Data in this exercise Block Start

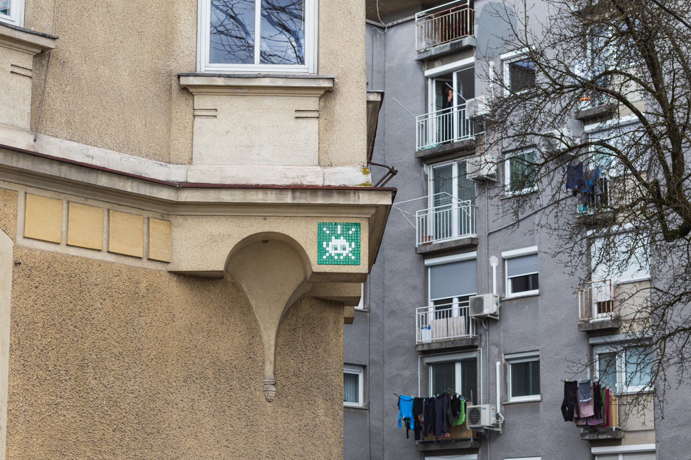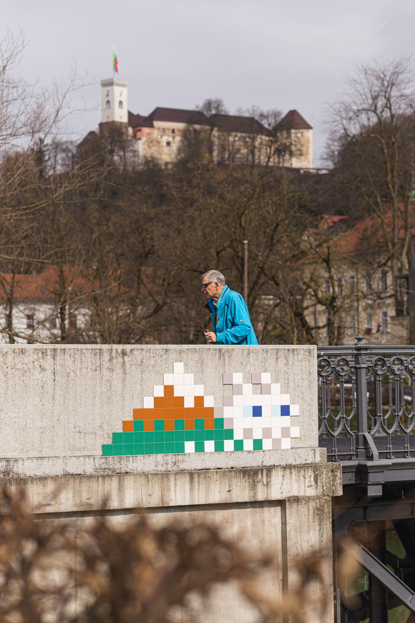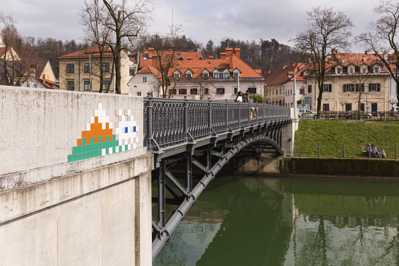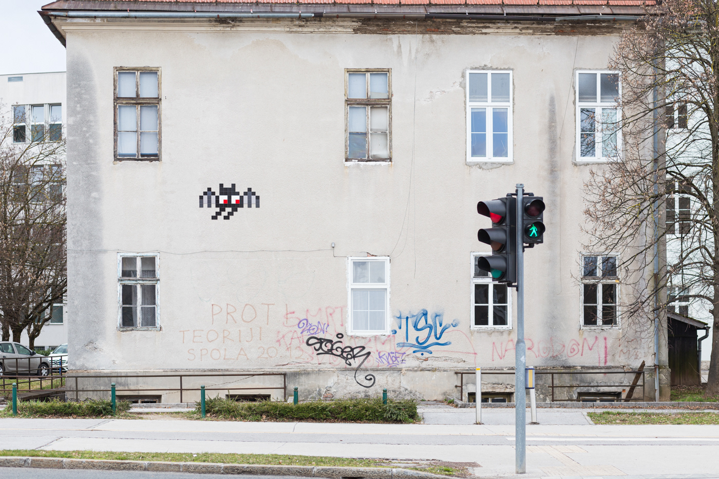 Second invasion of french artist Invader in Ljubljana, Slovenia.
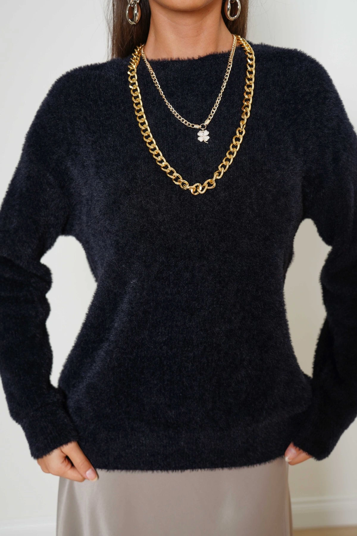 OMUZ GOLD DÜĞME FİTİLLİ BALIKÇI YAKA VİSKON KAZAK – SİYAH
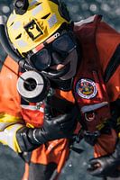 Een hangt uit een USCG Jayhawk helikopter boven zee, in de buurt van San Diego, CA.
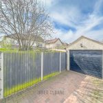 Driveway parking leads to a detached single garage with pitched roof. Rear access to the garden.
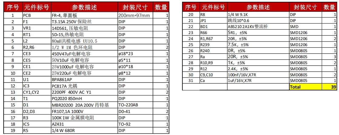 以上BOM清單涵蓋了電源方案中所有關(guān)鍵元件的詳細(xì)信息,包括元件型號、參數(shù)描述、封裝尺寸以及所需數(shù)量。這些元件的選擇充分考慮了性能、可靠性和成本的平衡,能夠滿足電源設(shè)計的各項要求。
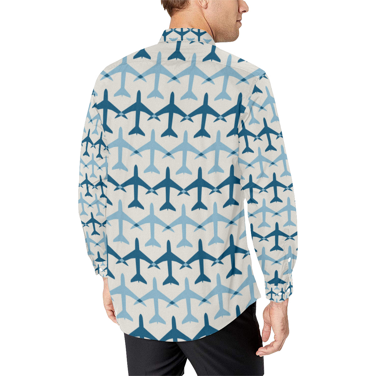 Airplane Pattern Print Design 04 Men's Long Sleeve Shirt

Data in this exercise Block End

# [Prompt]
What is needed is an exact repeat of the lines from the one containing "Een hangt uit" through the last line of the records above, both included, with pictures left out.

# [Solved problem]
 Een hangt uit een USCG Jayhawk helikopter boven zee, in de buurt van San Diego, CA.
 Driveway parking leads to a detached single garage with pitched roof. Rear access to the garden.
 以上BOM清單涵蓋了電源方案中所有關(guān)鍵元件的詳細(xì)信息,包括元件型號、參數(shù)描述、封裝尺寸以及所需數(shù)量。這些元件的選擇充分考慮了性能、可靠性和成本的平衡,能夠滿足電源設(shè)計的各項要求。
 Airplane Pattern Print Design 04 Men's Long Sleeve Shirt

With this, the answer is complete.